Photo: Bupa via Facebook

Bupa Aged Care Australia has been slapped with a class action that alleges residents received poor quality care at the company’s aged care facilities in contravention of Australian law and the company’s contractual obligations to residents.

Legal firm Echo Law has filed proceedings in the Federal Court on behalf of residents who lived in Bupa Aged Care centres, and their families, over the past six years.

Bupa operates 57 aged care homes that support more than 5,000 residents with residential, respite, specialised dementia and palliative care nationally, with most of the facilities located in NSW and Victoria.

The class action follows concerns raised by the royal commission into the aged care sector in 2019 and 2020 that heard evidence of “unacceptably high levels of substandard care” in the aged-care system, including at facilities owned and operated by Bupa.

Echo Law notes that among the critical points of unacceptable care revealed by the royal commission were systemic understaffing by for-profit aged care providers and failures in the staffing skill mix which found some providers were not delivering an acceptable standard of care and service.

The law firm is alleging that since the findings of the royal commission, these practices have continued at Bupa.

“Going into aged care is rarely an easy decision for individuals and their families,” says Dr Lauren Meath, Echo Law senior associate.

“Bupa markets itself as a high-quality provider with sufficient, well-trained staff ready to provide a high level of personalised support, but the evidence shows that Bupa’s homes regularly and consistently fall below minimum acceptable benchmarks for care.

“Aged care residents and their families should be able to trust that they will receive safe and high-quality care when entering aged care.

“The experience should match what is promised and marketed by Bupa, and what is expected by the Australian community and at law. Sadly, at Bupa that has not been the case.”

Echo Law’s class action alleges that between 1 July 2019 and 11 April 2025 Bupa failed to provide the quality of care it promised to residents.

The class action alleges that, by failing to provide staffing levels that would meet minimum acceptable standards, Bupa breached its contractual obligations to residents and contravened consumer guarantees under the Australian Consumer Law.

“We know that staff on the floor are doing their best to provide safe and high-quality care,” says Meath.

“But individual nurses, care workers and support staff can only do so much. Bupa’s own reporting confirms widespread understaffing and failures to meet the minimum acceptable level of care required under Australian law at each of its aged care facilities.

“These are systemic failures at the corporate level and at the expense of residents.”

Meath says aged care residents have the same rights as any other member of the community.

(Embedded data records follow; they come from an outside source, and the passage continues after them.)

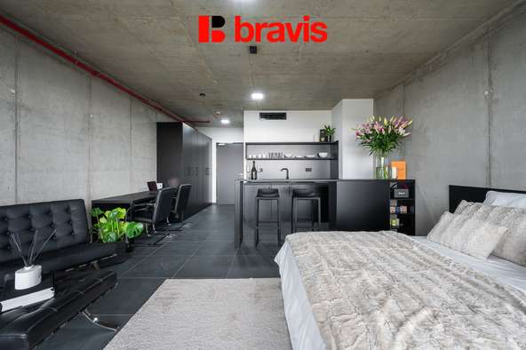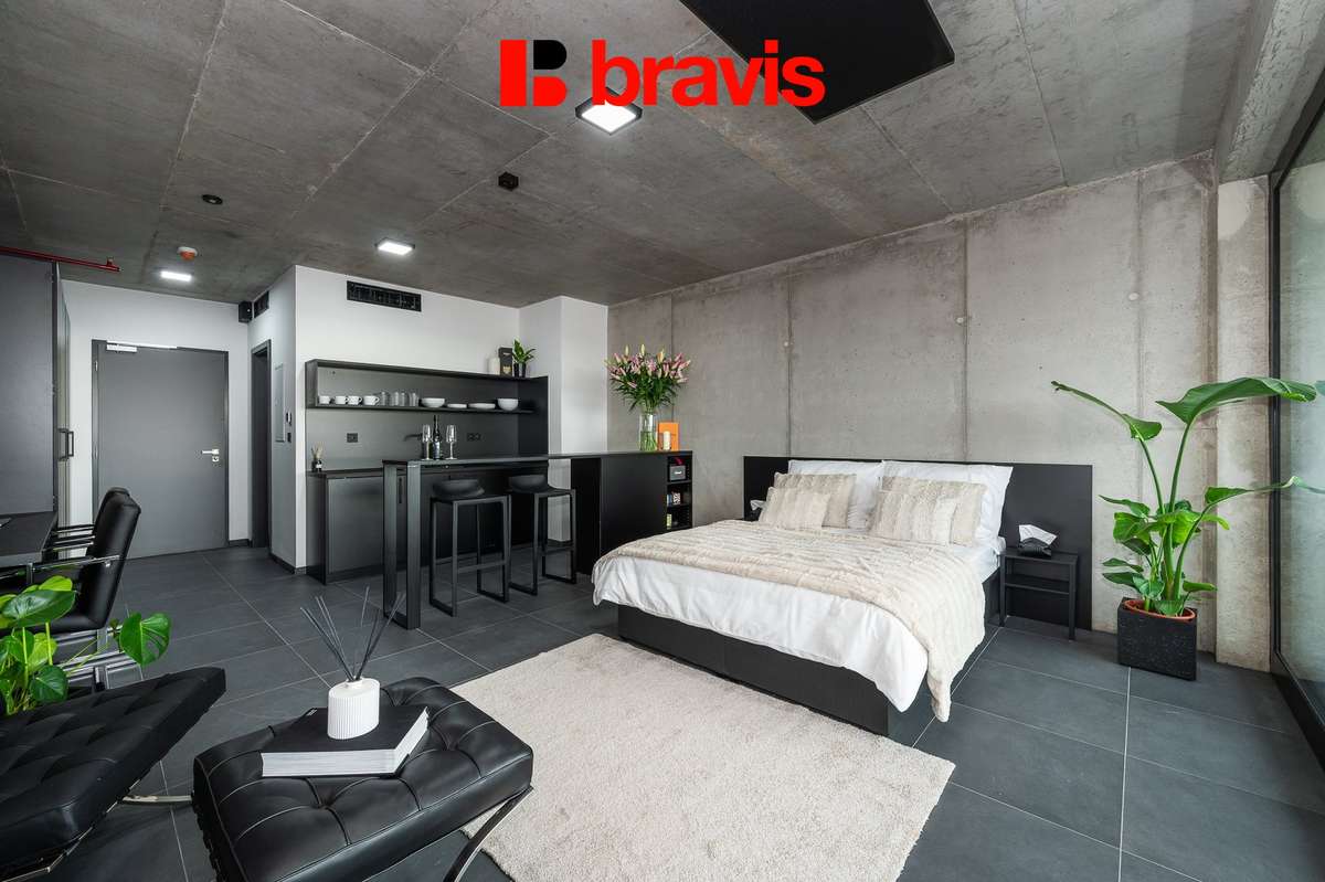 na ulici Královopolská v Žabovřeskách nabízíme k pronájmu moderní a tiché 1+kk v 3. podlaží s velkou lodžií. Tento konkrétní byt nenabízí výhled. K dispozici jsou však i jednotky s výhledem, můžete si vybrat.
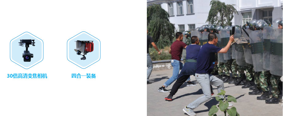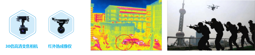 無人機可搭載30倍變焦相機飛抵現(xiàn)場偵察, 并將現(xiàn)場大致情況及時反饋給指揮中心;無人機可實施低空拍攝,將犯罪分子人數、規(guī)模、人員傷亡等情況及時傳回指揮中心,指揮中心根據無人機傳回來的消息,迅速做出決策,對武警特警、救護人員、消防人員等進行合理部署;
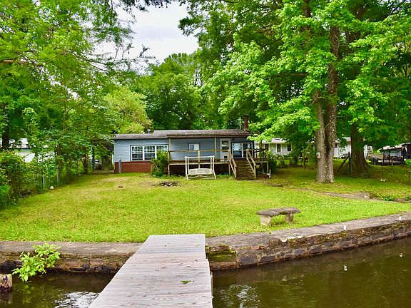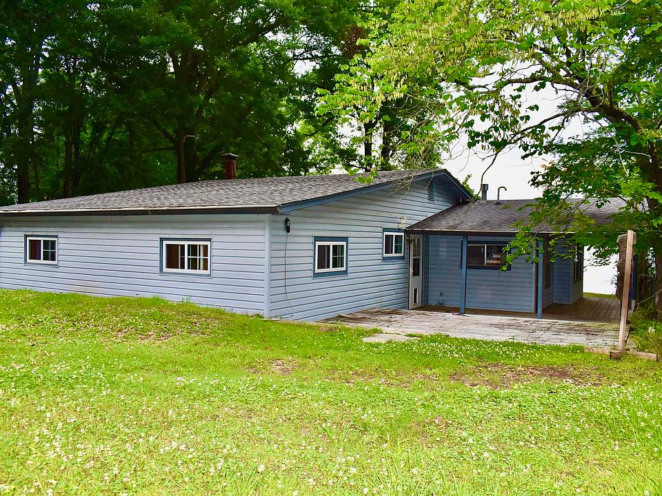 Great opportunity to walk out your door and be on the lake. Wood dock and small concrete boat slip. Sit on your back deck and enjoy endless days of relaxation. HVAC 2023, roof 2020, pex water lines 2018, kitchen redone 2015. Windows replaced 2014. Extra-long 2 car detached garage built 2014. Large living room with fireplace looks over back yard and lake. Eating area in kitchen also looks over back yard and lake. Small office or storage room. 3 bedrooms and 1 bath. Oversize laundry room. Additional outside storage building. Pole security light on property. Home being SOLD AS IS. See Property Disclosure
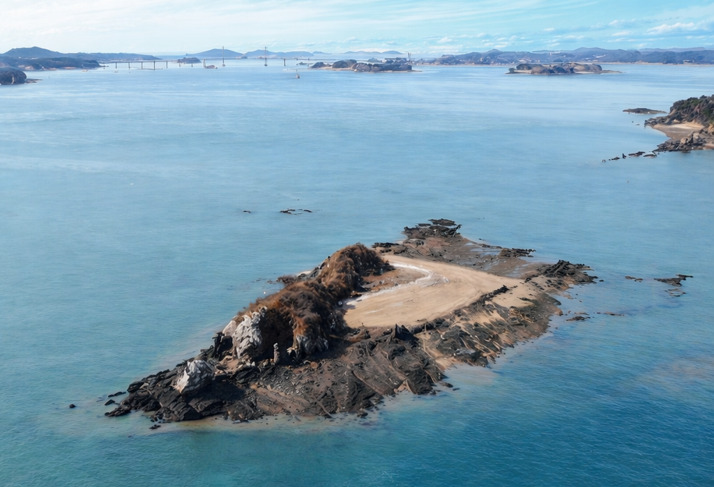 섬의 중심부는 굵은 모래와 자갈이 어우러진 단단한 지형을 이루고 있으며, 북쪽으로는 완만하게 펼쳐진 평지가 이어진다. 반면 가장자리는 전혀 다른 얼굴을 보여준다. 거무튀튀한 갯바위가 울퉁불퉁하게 둘러싸고 있어 거친 바다의 시간을 고스란히 품고 있다. 특히 남쪽 바위산 일대에서는 파도와 바람이 만들어낸 해식절벽과 동굴, 그리고 바다 위에 홀로 솟은 바위기둥까지 다양한 해안 지형을 감상할 수 있어 작은 섬임에도 불구하고 풍경의 밀도가 매우 높다.
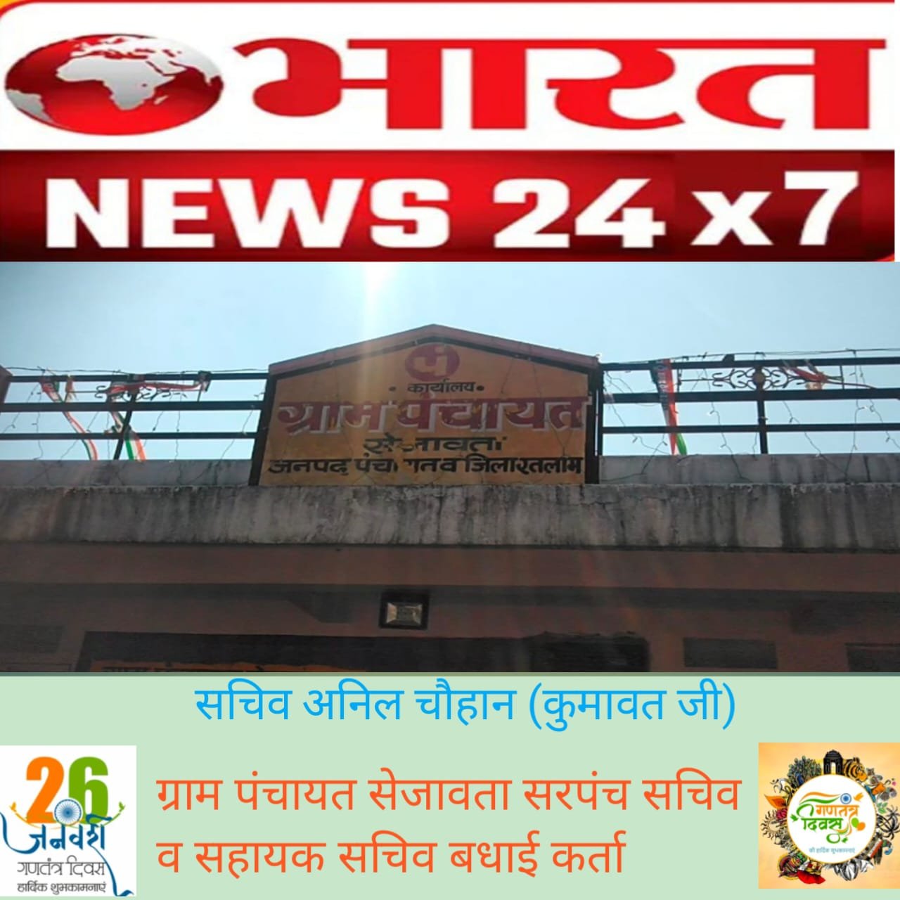 रतलाम ग्राम पंचायत सेजावता व बांगरोद की तरह से पूरे देश व रतलाम जिले की जनता को गणतंत्र दिवस की हार्दिक शुभकामनाएं । बधाई कर्ता - सरपंच सचिव व सहायक सचिव

“However, those rights are all too often ignored. This class action seeks to enforce those rights and ensure that there are consequences for Bupa’s failings.”

Among those who have joined the class action is Sarah Laing, who is participating on behalf of her late father William ‘Roy’ Anderson who resided in a Bupa facility in 2022.

During her father’s residence at Bupa, Echo Law says Laing was “horrified” by the level of care provided to him ranging from serious gaps in staffing and staff training that left her father in “pain and in distress”.

“Dad lived a life of dignity and service,” says Laing.

“He had an active social life, loved the rugby, and loved his family. It is every child’s worst nightmare to see their parent treated so poorly at a vulnerable time in their life.

“Our family trusted that Bupa would deliver what they promised and are required under law to provide. Our experience was soul destroying.

“I hope this class action serves to ensure no other resident has to experience the poor care my dad endured.”

The class action is seeking to recover damages for breach of contract and for breaches of the guarantees owed to consumers under the Australian Consumer Law.

Business News Australia has contacted Bupa Aged Care Australia for comment.

Echo Law’s legal action is being supported by Australian litigation funder CASL.